╔══

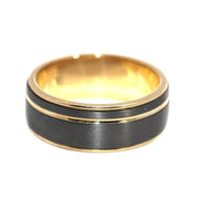 9ct Yellow Gold polished Band with Tantalum brushed finish inlays, 8mm wide.
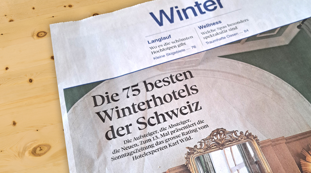 In the current rating of the «75 best winter hotels» in the Sonntagszeitung, we were able to maintain our position among the «25 best winter hotels with 4 stars» again this year, which we are very pleased about.
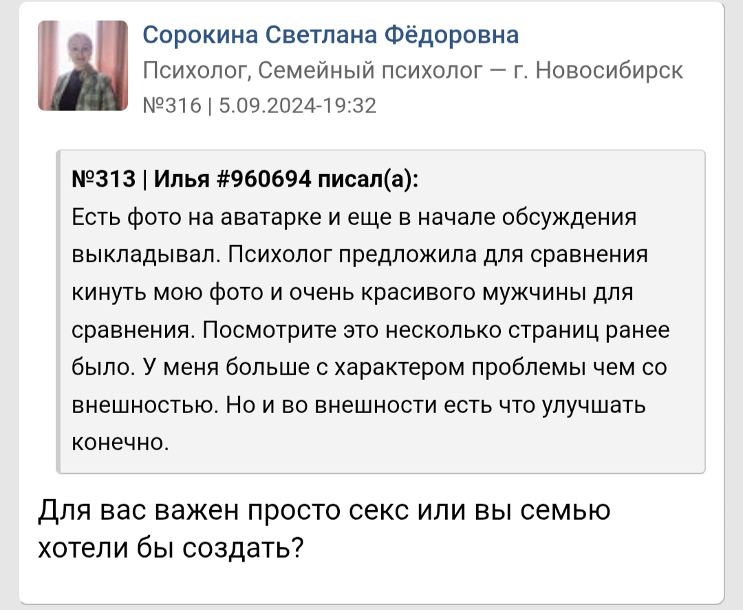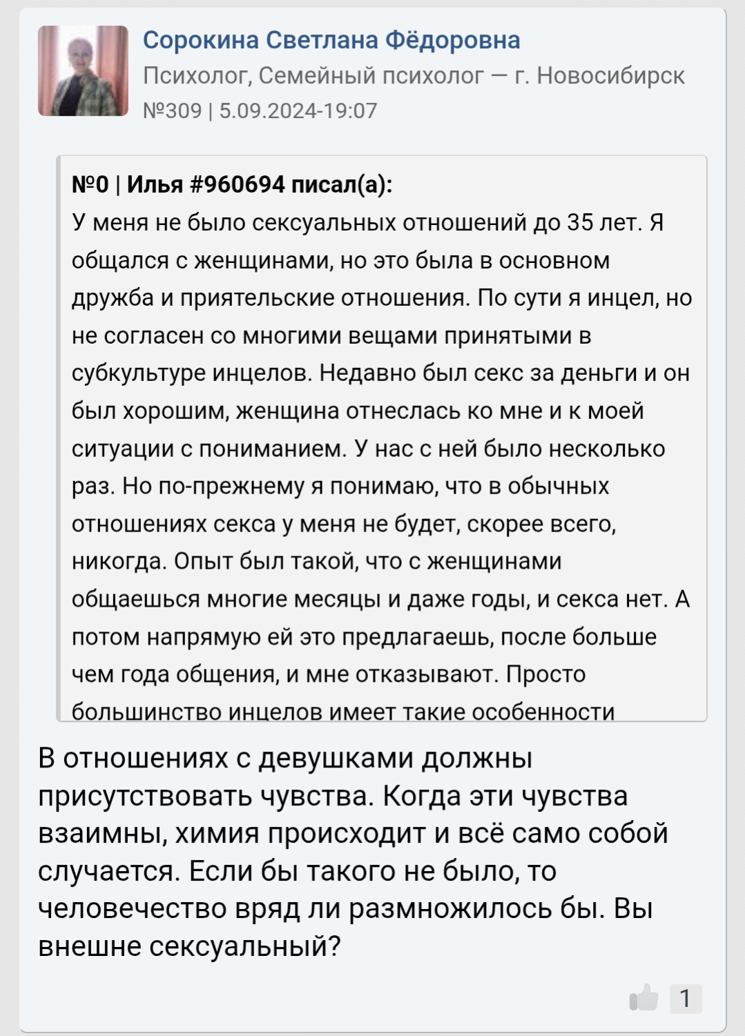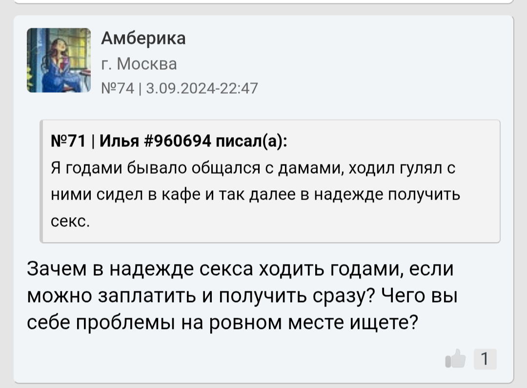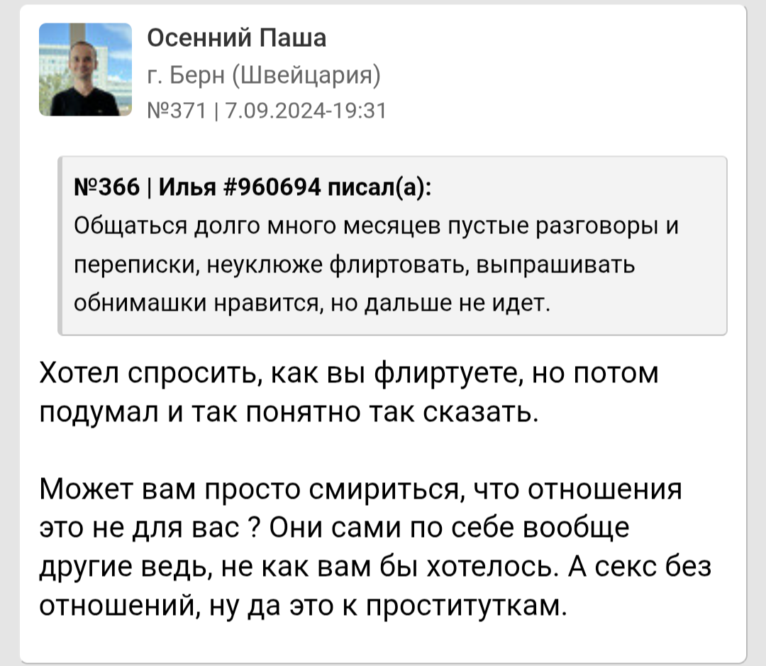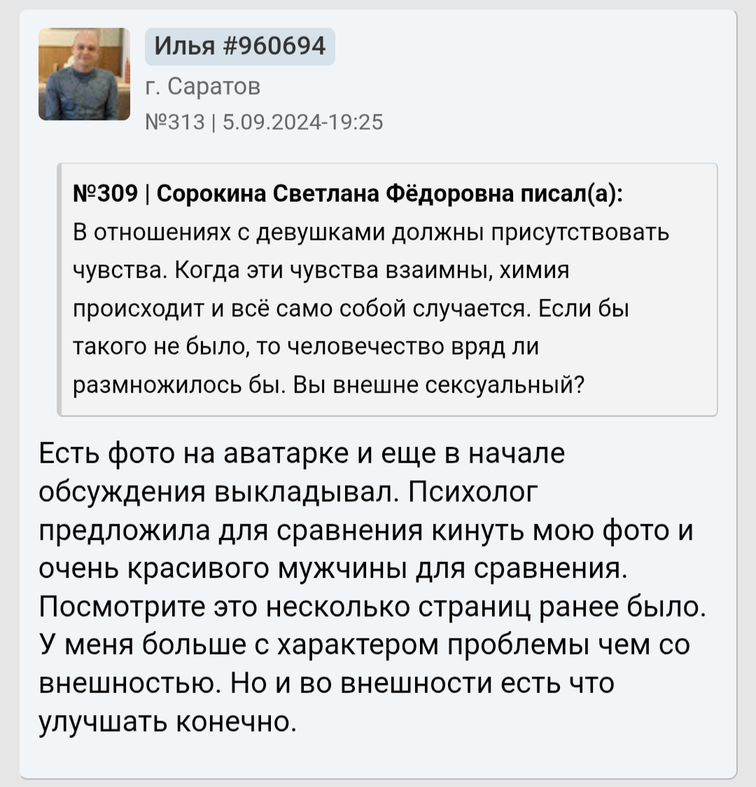 Я классный, по мнению людей со стороны умный и всегда люблю посмеяться. Вот только у меня проблемы со здоровьем которых не скрыть, да и не вижу смысла скрывать перед кем либо так как этого не поправить и это не временно, а навсегда со мной. Тут и скрывается причина почему я остаюсь инцелом и скорее им и останусь до конца своего физического существования так сказать.

╚══

§ WHAT IS REQUIRED: In the copy, include no pictures; restate the listing above exactly.

§ TASK ANSWER:
 9ct Yellow Gold polished Band with Tantalum brushed finish inlays, 8mm wide.
 In the current rating of the «75 best winter hotels» in the Sonntagszeitung, we were able to maintain our position among the «25 best winter hotels with 4 stars» again this year, which we are very pleased about.
 Я классный, по мнению людей со стороны умный и всегда люблю посмеяться. Вот только у меня проблемы со здоровьем которых не скрыть, да и не вижу смысла скрывать перед кем либо так как этого не поправить и это не временно, а навсегда со мной. Тут и скрывается причина почему я остаюсь инцелом и скорее им и останусь до конца своего физического существования так сказать.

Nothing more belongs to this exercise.